The 2nd book is Nursing Interventions Classification (NIC) is in its 6th edition, 2013, edited by Bulechek, Butcher, Dochterman, and Wagner. Mine came from Amazon. It gives a really good explanation of why the interventions are based on evidence, and every intervention is clearly defined and includes references if you would like to know (or if you need to give) the basis for the nursing (as opposed to medical) interventions you may prescribe. Another beauty of a reference. Don't think you have to think it all up yourself-- stand on the shoulders of giants.

Specializes in Critical care.

GreenTea, you're amazing. Ordering now. Thank you!

GreenTea, you're amazing. Ordering now. Thank you!

RookieRoo, which book did you order? And did you like it? Any advice? I didn't see a member with the username GreenTea, so I'm lacking the amazing info you got. :) I'm about to start writing Care Plans in about two more weeks and I'm petrified.

Believe that GreenTea may have been an old member quoted by RookieRoo, now nurseprnrn.
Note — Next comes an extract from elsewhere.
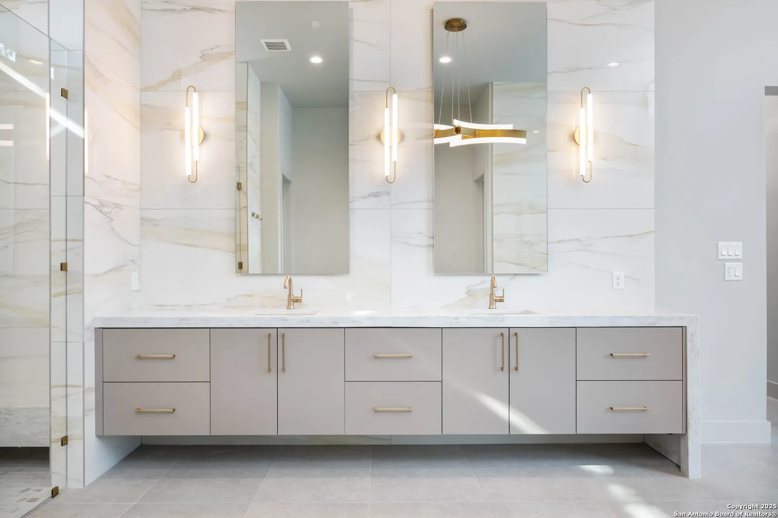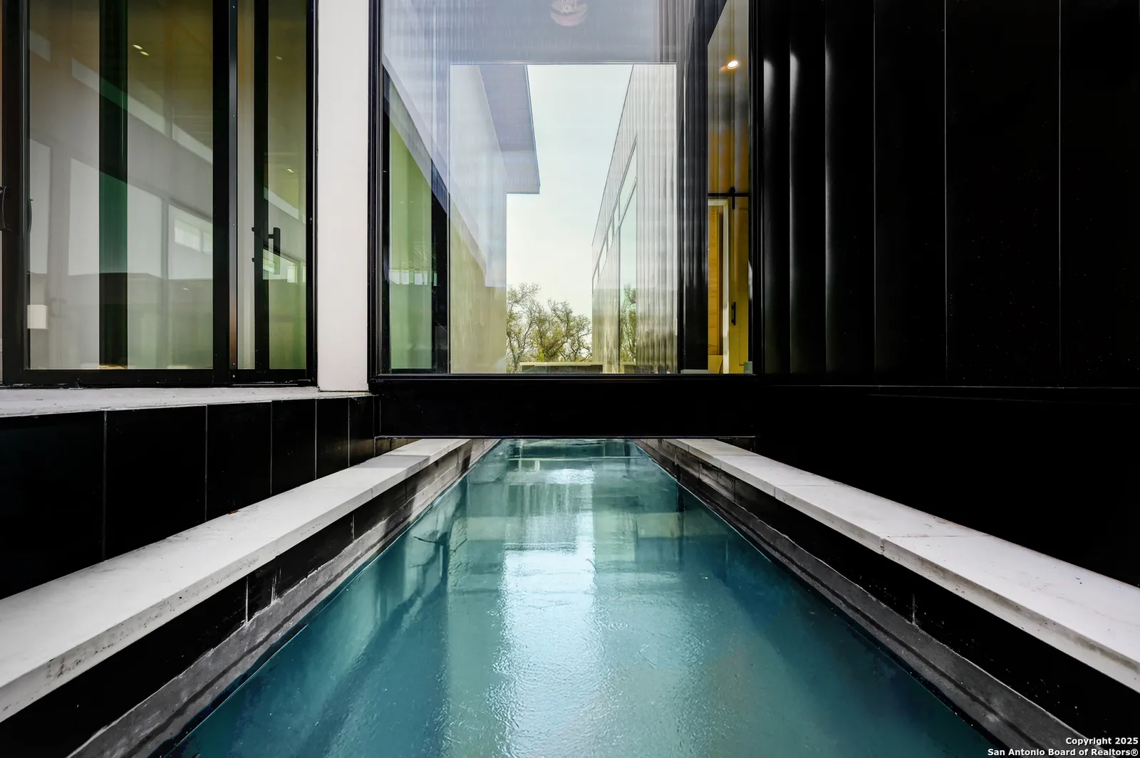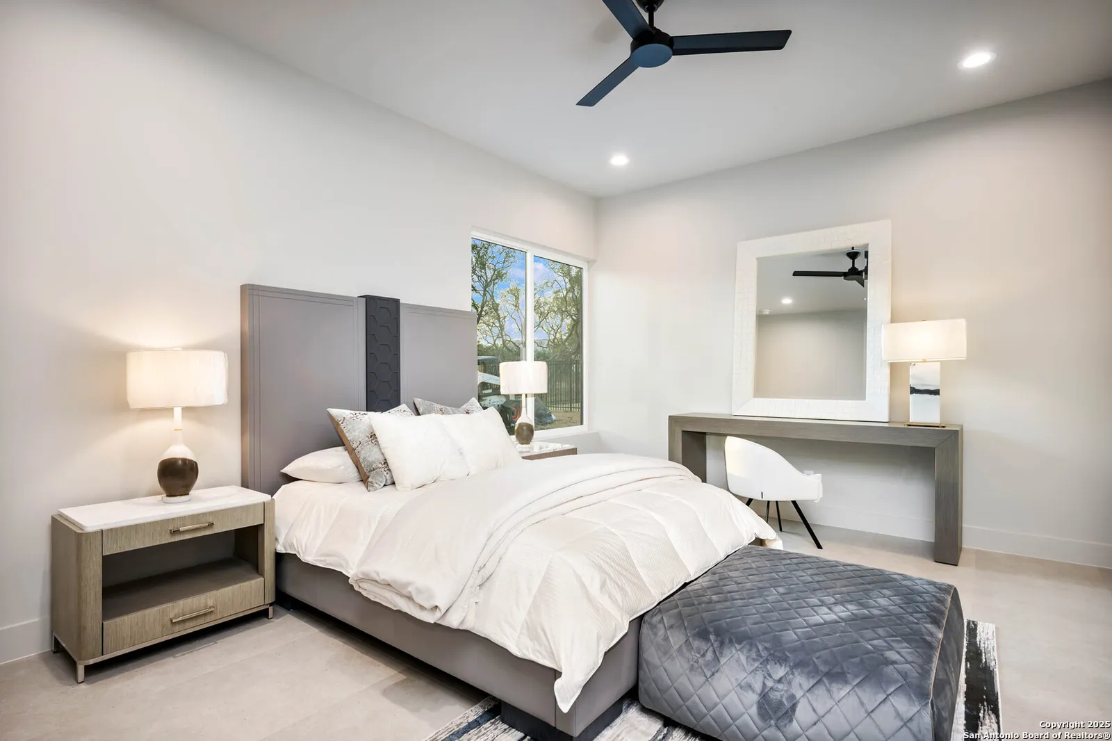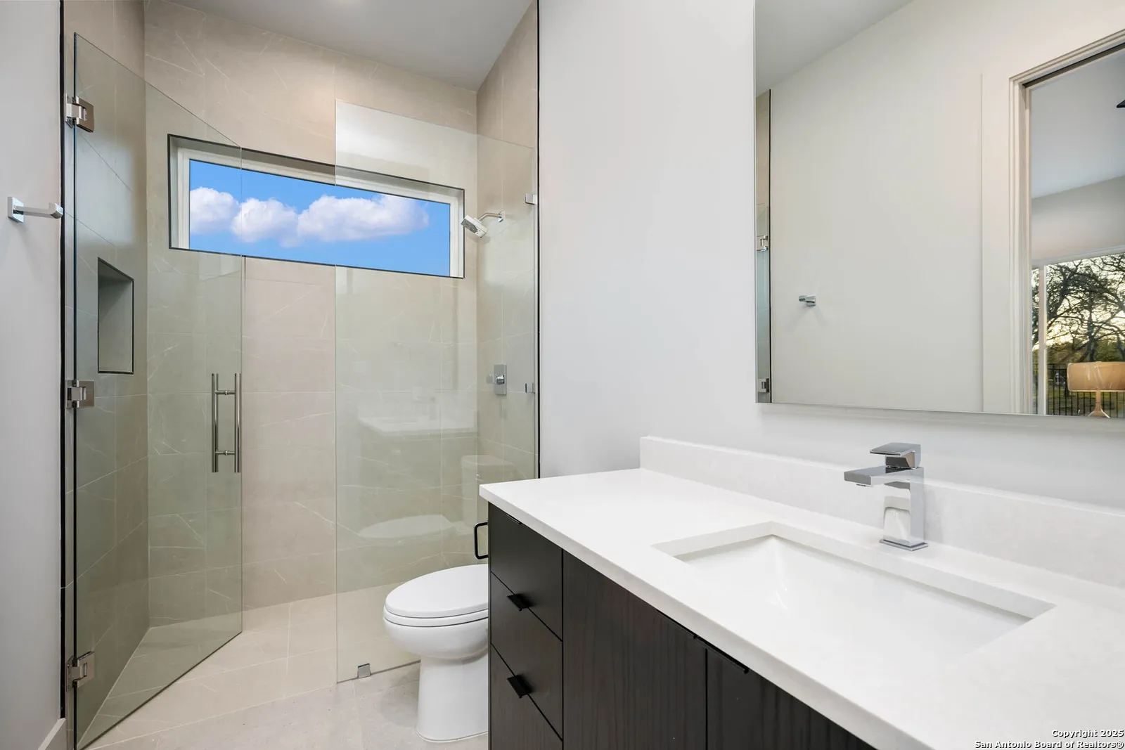 Nestled on a pristine 1-acre lot in the prestigious Huntington in Shavano Park community, this breathtaking one-story luxury home offers a perfect blend of contemporary elegance and unparalleled comfort. Spanning an impressive 7,208 square feet, this residence is thoughtfully designed to offer both opulent living spaces and modern amenities. Boasting six generously sized bedrooms and six and a half beautifully appointed bathrooms, this home is the epitome of sophistication. The open-concept design features soaring 20-foot ceilings, filling each room with an abundance of natural light. Expansive windows frame views of the lush oak trees that dot the landscape, creating a serene and picturesque setting.

Looks like good advice to me.

RookieRoo, which book did you order? And did you like it? Any advice? I didn't see a member with the username GreenTea, so I'm lacking the amazing info you got. :) I'm about to start writing Care Plans in about two more weeks and I'm petrified.

I'm not sure which book OP picked but I'm currently using Nursing Care Plans: Nursing Diagnosis and Intervention by Gulanick, Meg; Myers, Judith L.

I really like this one because it has the care plans divided by diagnosis and/or systems. I bought it on Kindle because I can put it on multiple devices and it's easy to search and find what I'm looking for. Also, it provides ongoing assessments, rationales, therapeutic interventions, risk factors and outcomes...just a wealth of information. Hope that helps!